[Stored data entries]
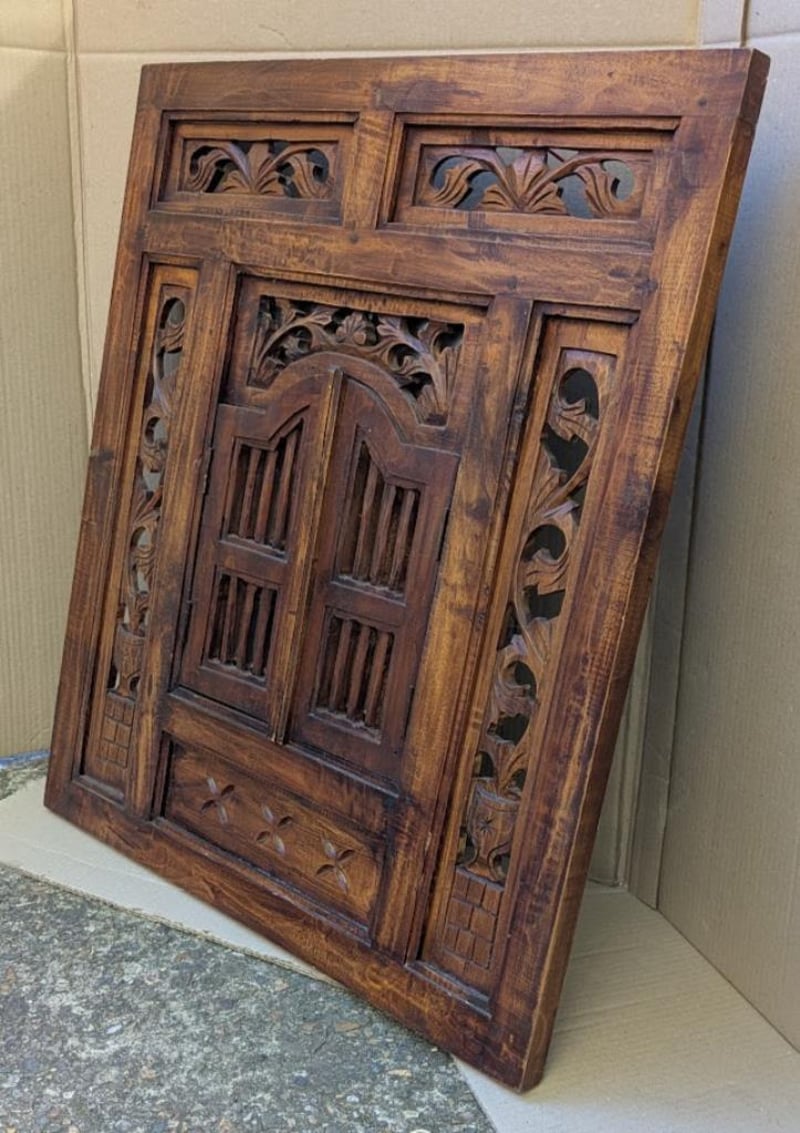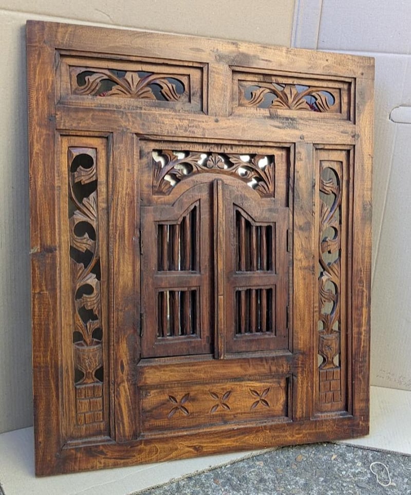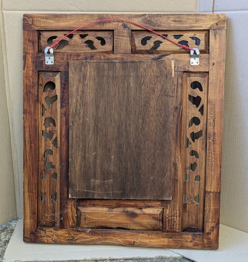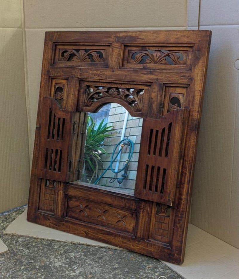 BALINESE WOOD CARVED WINDOW MIRROR 60CM X70CM - WALL HANG
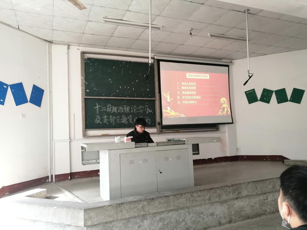 本网讯(员工记者 谢丽娇)12月21日中午,在D4-200阶梯教室,我系员工党支部开展12月份政治学习和“支部主题党日”活动。会议由易新宇同志主持,员工党支部副书记成观雄出席,支部全体党员参加。
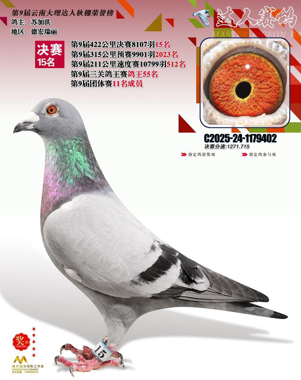 位置:云南大理巍山达人赛鸽中心2025获奖鸽展示\15名
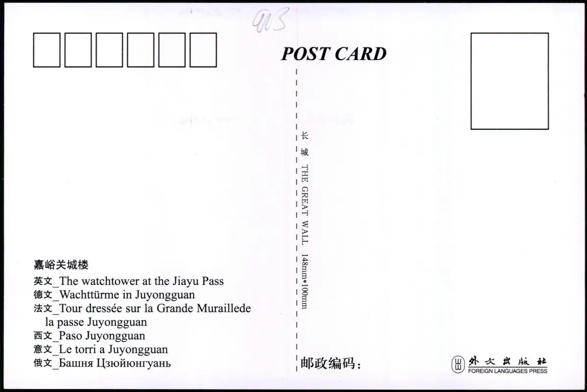 Ansichtskarte The watchtower at the Jiayu Pass China Great Wall 1988
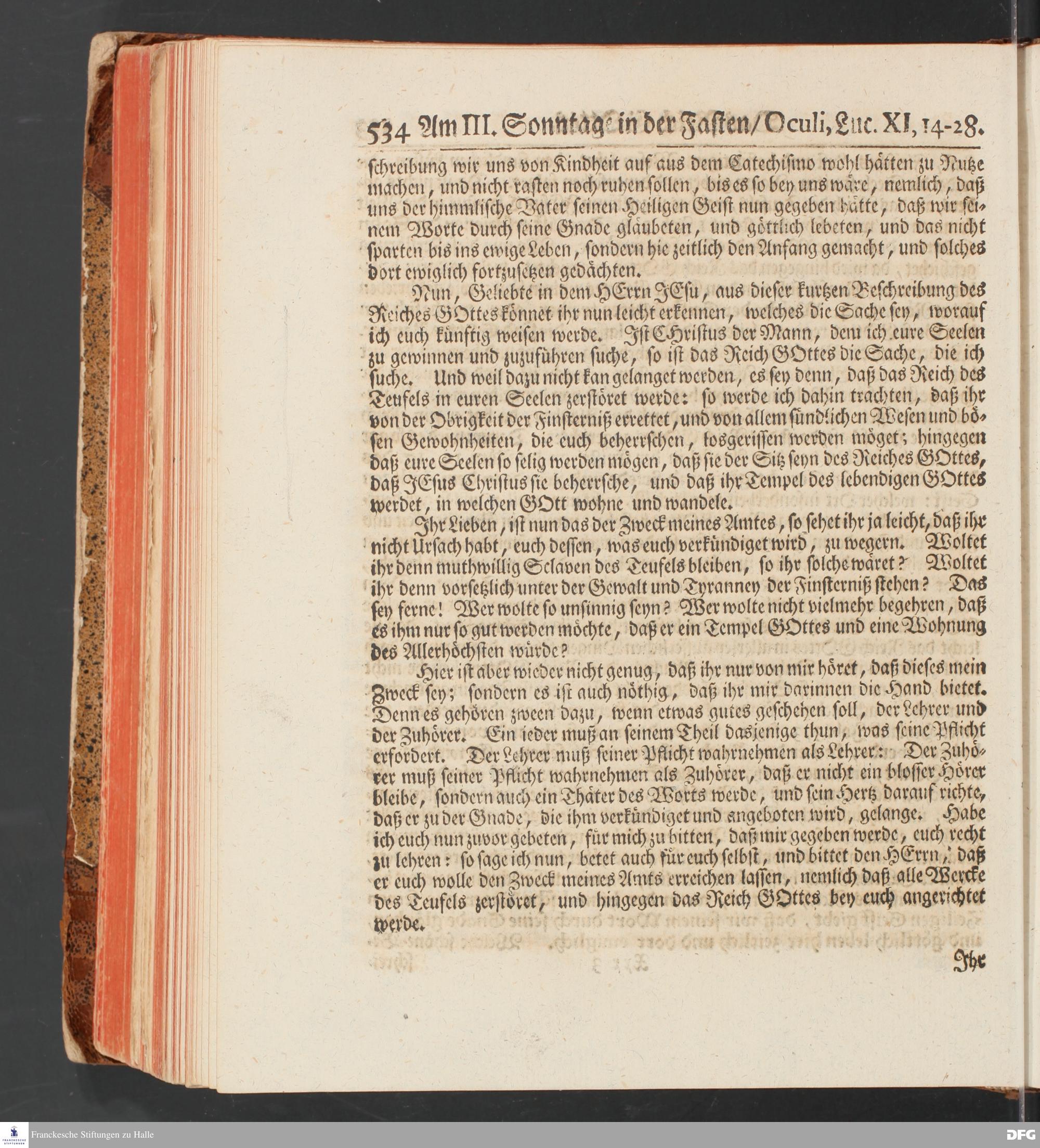 August Hermann Franckens, S.Theol.Prof.und Past. Sonn= und Fest=Tags=Predigten / Welche Theils in Halle, theils an verschiedenen auswärtigen Oertern, von wichtigen und auserlesenen Materien gehalten worden, Nebst Vorbereitung auf die hohen Feste und nützlichen Registern. Dritte Auflage. HALLE, gedruckt und verlegt im Wäysen=Hause MDCCXL. Mit Königl.Preuß.und Churfl.Brandenb.Privileg.

:: ABOUT THIS TASK ::
Output the records above exactly as written, but leave out the pictures.

:: SOLUTION TO THE PROBLEM ::
 BALINESE WOOD CARVED WINDOW MIRROR 60CM X70CM - WALL HANG
 本网讯(员工记者 谢丽娇)12月21日中午,在D4-200阶梯教室,我系员工党支部开展12月份政治学习和“支部主题党日”活动。会议由易新宇同志主持,员工党支部副书记成观雄出席,支部全体党员参加。
 位置:云南大理巍山达人赛鸽中心2025获奖鸽展示\15名
 Ansichtskarte The watchtower at the Jiayu Pass China Great Wall 1988
 August Hermann Franckens, S.Theol.Prof.und Past. Sonn= und Fest=Tags=Predigten / Welche Theils in Halle, theils an verschiedenen auswärtigen Oertern, von wichtigen und auserlesenen Materien gehalten worden, Nebst Vorbereitung auf die hohen Feste und nützlichen Registern. Dritte Auflage. HALLE, gedruckt und verlegt im Wäysen=Hause MDCCXL. Mit Königl.Preuß.und Churfl.Brandenb.Privileg.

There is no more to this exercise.